Beral V, Hermon C, Kay C, Hannaford P, Darby S, Reeves G
Imperial Cancer Research Fund, Cancer Epidemiology Unit, Radcliffe Infirmary, Oxford OX2 6HE.
BMJ. 1999 Jan 9;318(7176):96-100. doi: 10.1136/bmj.318.7176.96.
To describe the long term effects of the use of oral contraceptives on mortality.
Cohort study with 25 year follow up. Details of oral contraceptive use and of morbidity and mortality were reported six monthly by general practitioners. 75% of the original cohort was "flagged" on the NHS central registers.
1400 general practices throughout Britain.
46 000 women, half of whom were using oral contraceptives at recruitment in 1968-9. Median age at end of follow up was 49 years.

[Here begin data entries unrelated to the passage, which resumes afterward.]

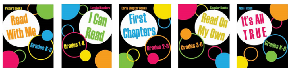
Elementary & K-8 fairs are divided based on reading level and type of book.

Most books are 20-40% off the retail price.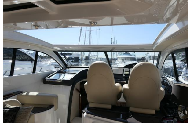
Sun-roof opens to main helm position – also powered side windows, demisters.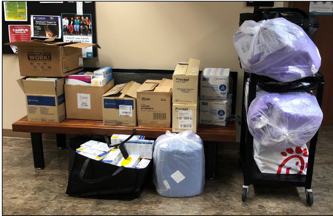
Hundreds of PPE were delivered to the Jefferson County Courthouse.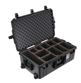
1595TP With TrekPak Divider System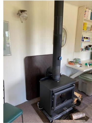
MAIN CABIN INTERIOR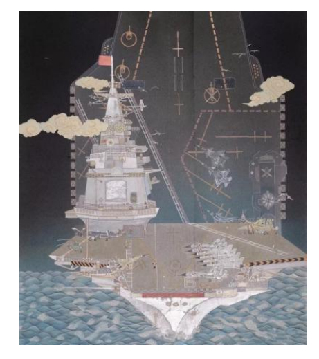
Figure 2: Night at the Naval Port: Chinese Dream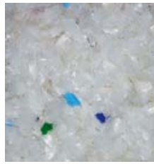
HDPE Milk Jugs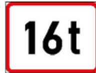
Mass Limit Sign (Text)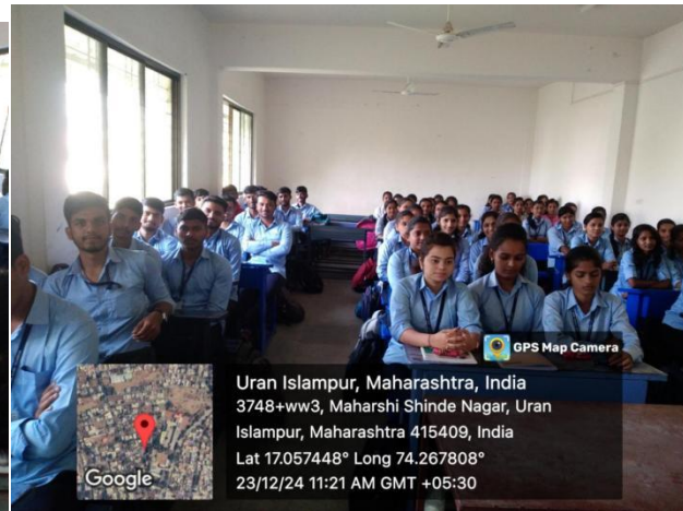
Students present over the lecture on Project Development.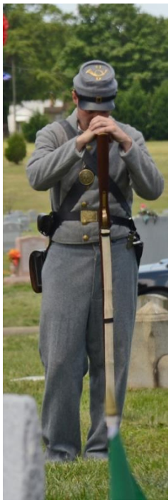
Color Guard Salute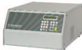
MX Series High Profile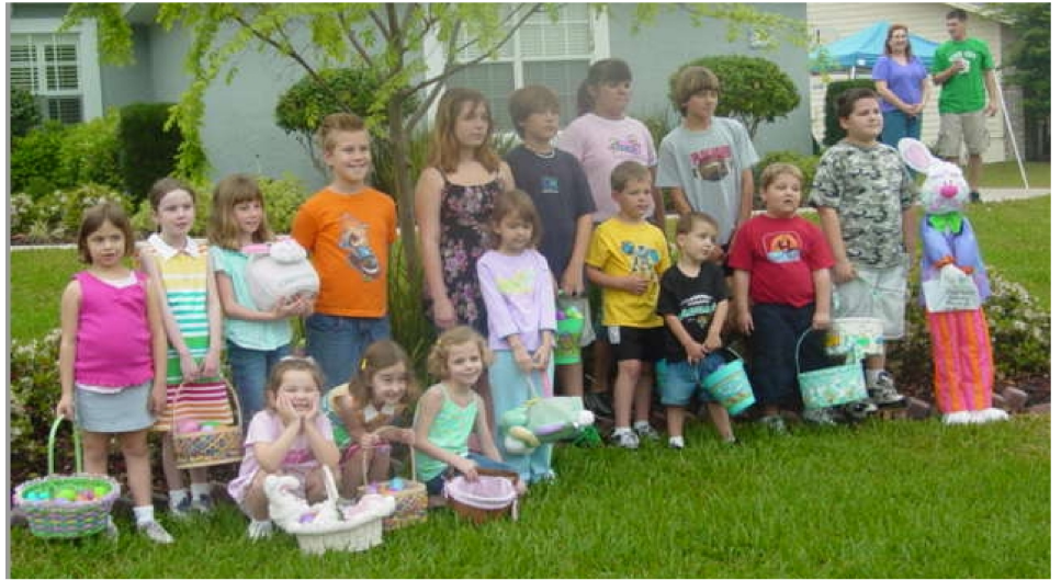
Right: The older kids gathered to say "cheese" with the bunny.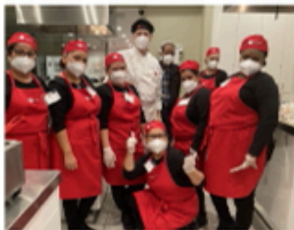
TEAM CULTURE & Kitchen Tradition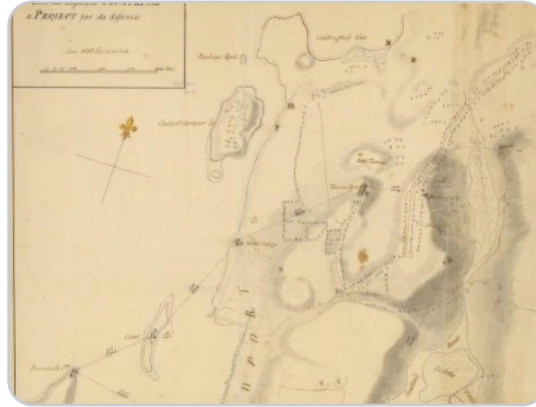
"Plan of the town of Newport and the adjacent country, with a project for its defence.". Link: https://quod.lib.umich.edu/w/wcl1ic/x-8276/wcl008345 .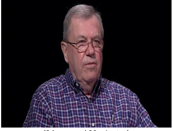
(2 hours and 20 minutes)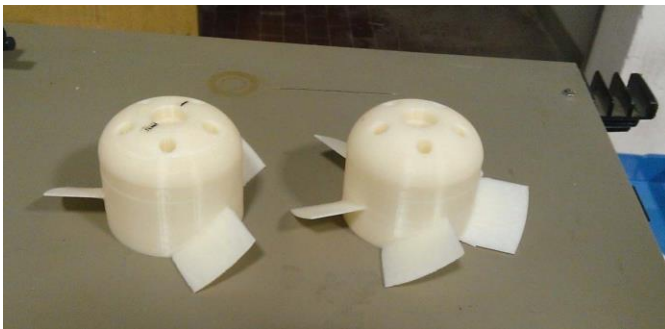
Fig. 6. MARTA thruster propellers

After the bow, there is the first thruster module (Fig. 5). The thruster module houses one lateral and one vertical thruster. As concerns both the main rear propellers and the lateral and vertical thrusters, a “standard” solution consists in making these electrical motors (100 W) watertight, filling in with dielectric oil and connecting them to suitable marine propellers (e.g. plastic propellers printed with the 3D rapid prototyping machine owned by MDM Lab). Since vertical and lateral thrusters are incorporated in the hull of MARTA AUV, the water flow boosted by the propeller is limited and makes impossible to design a proper nozzle in order to maximize the thrust. In these conditions, e.g. a Ka-4-70 propeller (a very common one) would not be efficient: for this reason it has been designed a customized propeller like the one shown in Fig. 6. To determine the optimal propeller geometry, various shapes have been tested, varying the number of blades and the p/d ratio.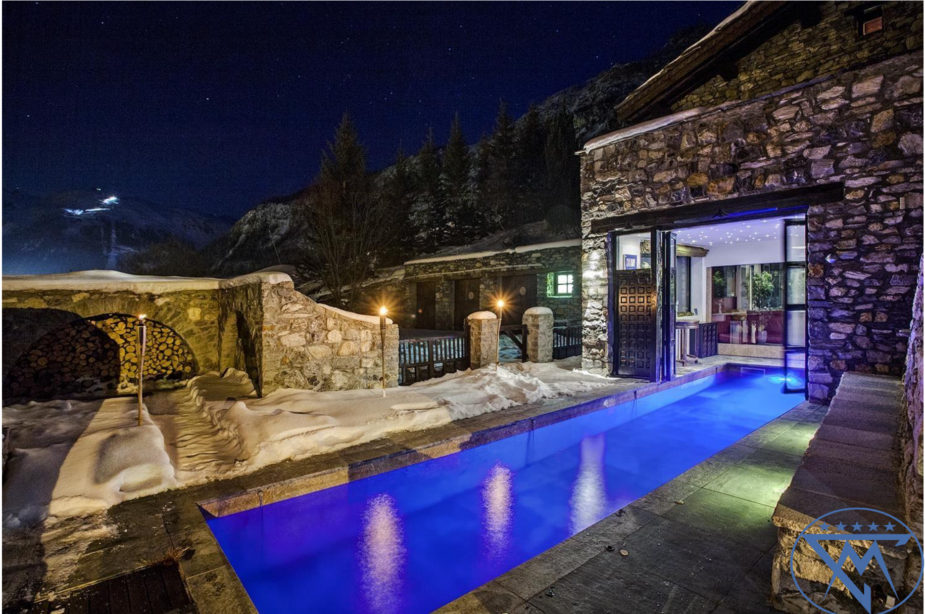
CHALET TOIT DU MONDE. Val d'Isere. France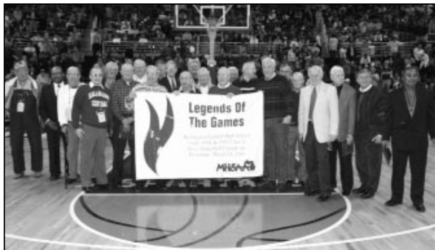
Kalamazoo Central — 1949, 1950, 1951 Boys Basketball Champions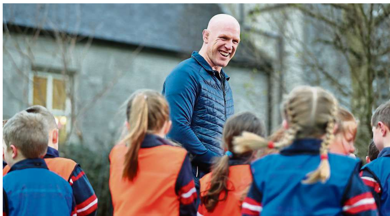
Aldi's new ad 'Feeding the future of Irish rugby' launched this week was launched by rugby legend Paul O'Connell

Visit www.aldi.ie/play-rugby to get your school signed up for free.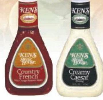
Ken's Steak House Salad Dressing Selected Varieties 16 oz. btl.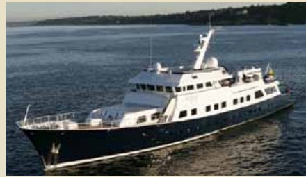
CHANTAL Long Range Luxury Motor Yacht 46.50 m 1984/2013 Location: Turkey 7,900,000 €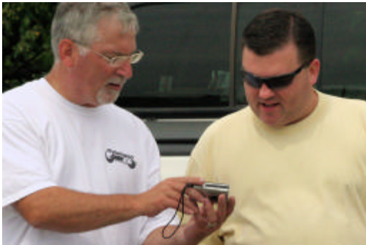
You didn't look silly in that one...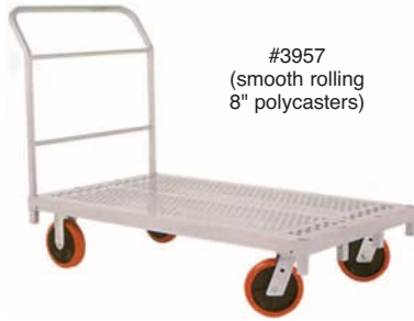
#3957 (smooth rolling 8" polycasters)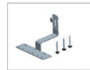
A : Tile roof hook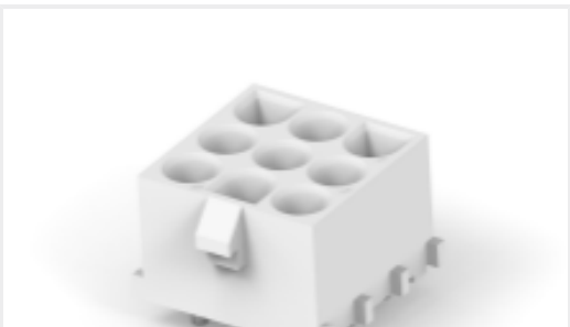
TE Part #5-2029002-1 09P UMNL HDR ASSY PC, NDH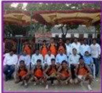
KHO-KHO THIRD PLACE 2016 - 17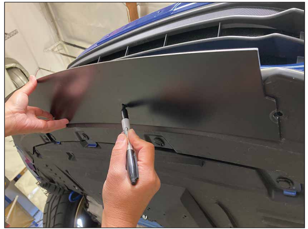
Hold up the center piece against the bumper and mark the (2) middle holes for drilling.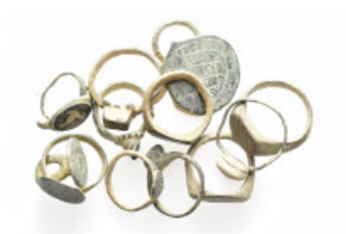
638 Mixed lot SOLD AS SEEN NO RETURNS.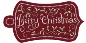
12470-04 Merry Christmas Tag 2 6.38 X 3.38 in. 162.05 X 85.85 mm 10,455 St. ❄️ L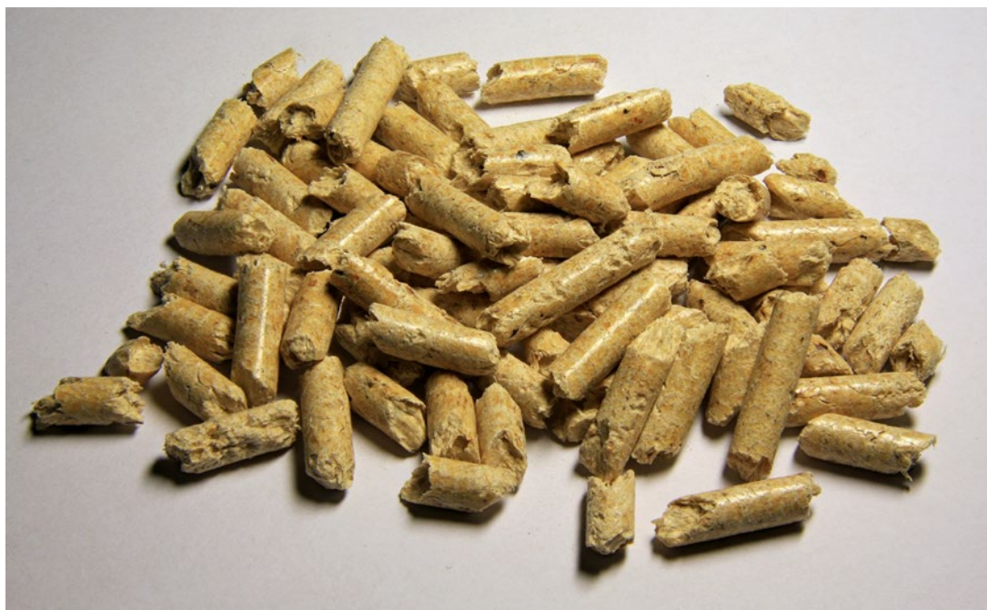
Wooden pellets.

Imports and use of wood pellets are fuelled by € 3.63 billion worth of subsidies under the Sustainable Energy Production (SDE+) scheme. Since 2016, energy companies can apply for subsidies for a period of eight years. In 2018, when SDE+ subsidies started being allocated, imports of wood pellets increased substantially. The volume of total imports doubled from 2018 to 2019 and then again from 2019 to 2020 to 2.5 million tonnes. Imports are expected to continue to rise to more than 3.4 million tonnes in the coming years, as the co-firing capacity of the Dutch power plants is not yet at full capacity. 8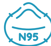
A mask or respirator (e.g. N95).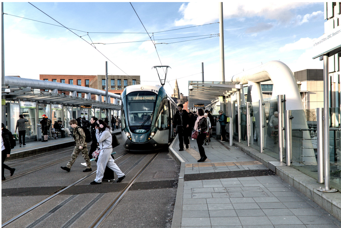
F47B0532 - Crossing the track.

Relative risks of death adjusted for age, parity, social class, and smoking.
Over the 25 year follow up 1599 deaths were reported. Over the entire period of follow up the risk of death from all causes was similar in ever users and never users of oral contraceptives (relative risk=1.0, 95% confidence interval 0.9 to 1.1; P=0.7) and the risk of death for most specific causes did not differ significantly in the two groups. However, among current and recent (within 10 years) users the relative risk of death from ovarian cancer was 0.2 (0.1 to 0.8; P=0.01), from cervical cancer 2.5 (1.1 to 6.1; P=0.04), and from cerebrovascular disease 1.9 (1.2 to 3.1, P=0.009). By contrast, for women who had stopped use >/= 10 years previously there were no significant excesses or deficits either overall or for any specific cause of death.
Oral contraceptives seem to have their main effect on mortality while they are being used and in the 10 years after use ceases. Ten or more years after use ceases mortality in past users is similar to that in never users.
描述口服避孕药的使用对死亡率的长期影响。
进行了为期25年随访的队列研究。全科医生每6个月报告口服避孕药的使用情况以及发病率和死亡率的详细信息。原队列中75%的人在英国国民健康服务中心登记册上被“标记”。
英国各地的1400家全科诊所。
46000名女性,其中一半在1968 - 1969年招募时正在使用口服避孕药。随访结束时的中位年龄为49岁。
根据年龄、产次、社会阶层和吸烟情况调整后的死亡相对风险。
在25年的随访期间,共报告了1599例死亡。在整个随访期间,曾经使用过和从未使用过口服避孕药的女性,所有原因导致的死亡风险相似(相对风险 = 1.0,95%置信区间0.9至1.1;P = 0.7),两组中大多数特定原因的死亡风险没有显著差异。然而,在当前使用者和近期(10年内)使用者中,卵巢癌导致的死亡相对风险为0.2(0.1至0.8;P = 0.01),宫颈癌为2.5(1.1至6.1;P = 0.04),脑血管疾病为1.9(1.2至3.1,P = 0.009)。相比之下,对于在10年或更久之前就停止使用口服避孕药的女性,总体或任何特定死因的死亡人数均无显著过多或过少情况。
口服避孕药似乎主要在使用期间以及停止使用后的10年内对死亡率产生影响。停止使用10年或更久之后,过去使用者的死亡率与从未使用者相似。